HomeAn NEH Summer Institute for Higher Education Faculty

An NEH Summer Institute for Higher Education Faculty

“[L]aw is too important to be left to the lawyers.” - Harold Berman and Samir N. Saliba, The Nature and Functions of Law (2009)

The study of law and its foundations, its development and its aspirations, has long provided a space to engage with the world as shaped by law—and with law as shaped by the world. One need to look no further than the U.S. Constitution, the “law of the land” and an aspirational and incomplete reminder of contested priorities, competing notions of justice, and enshrined hopes and fears for the future. But we live in a complex legal ecosystem, shaped not only by the Constitution but by statutes and regulations at different levels of government that intersect and inform each other in intricate and dynamic ways. For humanities faculty not trained in law, seeking to understand that ecosystem and how it intersects with their own research and teaching can be daunting at best. Yet, the need for robust interdisciplinary engagement between law and the humanities remains critical if the humanities are to engage meaningfully with the challenges of society and law is to be a force for the positive resolution of social problems.

Drawing on 40 years of experience in interdisciplinary scholarship and teaching, the Center for the Study of Law and Religion will host a two-week residential summer Institute for higher education faculty on the fundamentals of law and religion for humanistic research and teaching.
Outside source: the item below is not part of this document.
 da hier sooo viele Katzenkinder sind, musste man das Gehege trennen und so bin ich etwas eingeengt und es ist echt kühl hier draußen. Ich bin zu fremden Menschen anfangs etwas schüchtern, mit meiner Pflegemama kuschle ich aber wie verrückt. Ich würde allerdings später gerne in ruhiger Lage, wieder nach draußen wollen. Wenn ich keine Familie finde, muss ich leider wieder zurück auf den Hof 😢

This institute will increase participants’ facility with law and humanities by exploring the interdisciplinary connections between religion and law in modern American jurisprudence, the structures and institutions of our legal system, and the broader American society.
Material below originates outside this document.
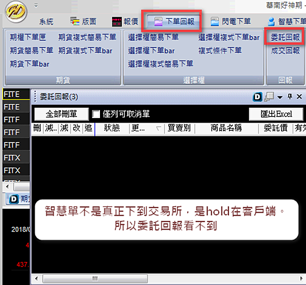 但是智慧單:是HOLD在客戶端,所以委託回報會查不到喔!

By providing humanities faculty with an opportunity to study law and religion at a Center recognized as the birthplace of the field of law and religion and with faculty from a range of disciplinary perspectives, the Institute will equip participants with tools and insights for understanding these intersections in new ways, thereby yielding richer interdisciplinary research and teaching in their respective fields.

This Institute is timely because it offers robust study of the foundations of law at a time when trust in our nation’s institutions is in decline and American society faces increasingly complex legal, ethical, and moral questions posed by technological advancement, complex health disparities, and environmental catastrophe—all of which requires robust humanistic inquiry about and informed by law and all of which raise questions about the intersection of law and religion.